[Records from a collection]
<<<<

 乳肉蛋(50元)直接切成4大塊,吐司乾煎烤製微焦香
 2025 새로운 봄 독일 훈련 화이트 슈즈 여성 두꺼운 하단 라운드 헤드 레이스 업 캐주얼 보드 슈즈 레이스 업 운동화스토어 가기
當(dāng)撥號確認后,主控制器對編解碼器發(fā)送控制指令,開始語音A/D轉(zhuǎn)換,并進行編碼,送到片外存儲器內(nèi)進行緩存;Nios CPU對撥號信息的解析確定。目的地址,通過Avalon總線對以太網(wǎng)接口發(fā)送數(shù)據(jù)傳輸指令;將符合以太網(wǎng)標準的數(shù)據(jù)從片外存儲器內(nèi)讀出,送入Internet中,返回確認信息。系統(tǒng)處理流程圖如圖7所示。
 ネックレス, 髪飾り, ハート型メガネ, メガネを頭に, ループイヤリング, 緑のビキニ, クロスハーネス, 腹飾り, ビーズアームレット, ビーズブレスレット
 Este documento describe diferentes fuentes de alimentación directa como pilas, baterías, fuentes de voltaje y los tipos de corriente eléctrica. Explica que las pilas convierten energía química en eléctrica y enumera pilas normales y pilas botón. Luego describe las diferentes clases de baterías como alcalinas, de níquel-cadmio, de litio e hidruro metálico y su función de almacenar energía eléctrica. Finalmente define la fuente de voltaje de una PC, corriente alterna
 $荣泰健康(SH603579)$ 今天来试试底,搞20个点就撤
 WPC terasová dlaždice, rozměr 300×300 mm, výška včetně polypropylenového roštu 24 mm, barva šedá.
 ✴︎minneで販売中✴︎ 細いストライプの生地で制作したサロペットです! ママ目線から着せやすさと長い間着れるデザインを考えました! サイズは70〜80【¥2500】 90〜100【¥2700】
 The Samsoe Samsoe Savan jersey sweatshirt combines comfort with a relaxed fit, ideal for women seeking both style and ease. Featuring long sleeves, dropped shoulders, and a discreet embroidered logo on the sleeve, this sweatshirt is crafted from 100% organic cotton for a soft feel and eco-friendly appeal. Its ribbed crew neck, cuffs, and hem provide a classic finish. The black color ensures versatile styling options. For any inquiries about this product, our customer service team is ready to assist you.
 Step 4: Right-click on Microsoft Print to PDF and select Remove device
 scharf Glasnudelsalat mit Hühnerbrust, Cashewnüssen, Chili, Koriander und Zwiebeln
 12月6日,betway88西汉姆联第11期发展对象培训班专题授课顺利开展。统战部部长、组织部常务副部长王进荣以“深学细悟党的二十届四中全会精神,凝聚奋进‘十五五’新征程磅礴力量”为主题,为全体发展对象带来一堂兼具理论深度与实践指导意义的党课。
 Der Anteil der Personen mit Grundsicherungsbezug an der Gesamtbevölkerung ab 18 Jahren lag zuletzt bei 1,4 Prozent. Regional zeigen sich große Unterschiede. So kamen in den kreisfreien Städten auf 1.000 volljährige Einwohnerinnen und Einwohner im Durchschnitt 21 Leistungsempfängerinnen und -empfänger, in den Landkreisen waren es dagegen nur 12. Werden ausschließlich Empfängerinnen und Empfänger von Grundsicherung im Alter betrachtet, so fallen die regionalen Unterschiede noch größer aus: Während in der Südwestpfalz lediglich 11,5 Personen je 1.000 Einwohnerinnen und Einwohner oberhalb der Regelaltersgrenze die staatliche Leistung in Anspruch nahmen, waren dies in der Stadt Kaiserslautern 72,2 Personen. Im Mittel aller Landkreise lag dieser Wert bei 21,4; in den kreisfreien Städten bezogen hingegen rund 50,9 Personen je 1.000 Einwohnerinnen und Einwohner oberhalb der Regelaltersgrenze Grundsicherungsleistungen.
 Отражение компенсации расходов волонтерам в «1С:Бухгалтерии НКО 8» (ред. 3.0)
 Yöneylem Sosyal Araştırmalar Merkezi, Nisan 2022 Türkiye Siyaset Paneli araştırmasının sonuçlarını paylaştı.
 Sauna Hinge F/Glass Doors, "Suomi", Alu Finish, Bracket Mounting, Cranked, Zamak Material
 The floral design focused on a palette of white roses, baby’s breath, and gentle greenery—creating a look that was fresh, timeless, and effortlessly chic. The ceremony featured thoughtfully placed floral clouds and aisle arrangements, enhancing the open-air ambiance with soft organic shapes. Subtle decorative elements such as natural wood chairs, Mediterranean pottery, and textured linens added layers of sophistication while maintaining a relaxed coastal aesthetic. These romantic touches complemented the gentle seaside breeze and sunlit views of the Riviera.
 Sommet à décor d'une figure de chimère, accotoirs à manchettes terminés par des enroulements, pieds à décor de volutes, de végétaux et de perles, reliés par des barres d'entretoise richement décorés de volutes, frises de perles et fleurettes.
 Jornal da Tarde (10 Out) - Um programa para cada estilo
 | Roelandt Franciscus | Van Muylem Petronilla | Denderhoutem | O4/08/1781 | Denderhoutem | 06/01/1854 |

>>>>

For every line of the data above that contains "relaxed", copy that line.

 The Samsoe Samsoe Savan jersey sweatshirt combines comfort with a relaxed fit, ideal for women seeking both style and ease. Featuring long sleeves, dropped shoulders, and a discreet embroidered logo on the sleeve, this sweatshirt is crafted from 100% organic cotton for a soft feel and eco-friendly appeal. Its ribbed crew neck, cuffs, and hem provide a classic finish. The black color ensures versatile styling options. For any inquiries about this product, our customer service team is ready to assist you.
 The floral design focused on a palette of white roses, baby’s breath, and gentle greenery—creating a look that was fresh, timeless, and effortlessly chic. The ceremony featured thoughtfully placed floral clouds and aisle arrangements, enhancing the open-air ambiance with soft organic shapes. Subtle decorative elements such as natural wood chairs, Mediterranean pottery, and textured linens added layers of sophistication while maintaining a relaxed coastal aesthetic. These romantic touches complemented the gentle seaside breeze and sunlit views of the Riviera.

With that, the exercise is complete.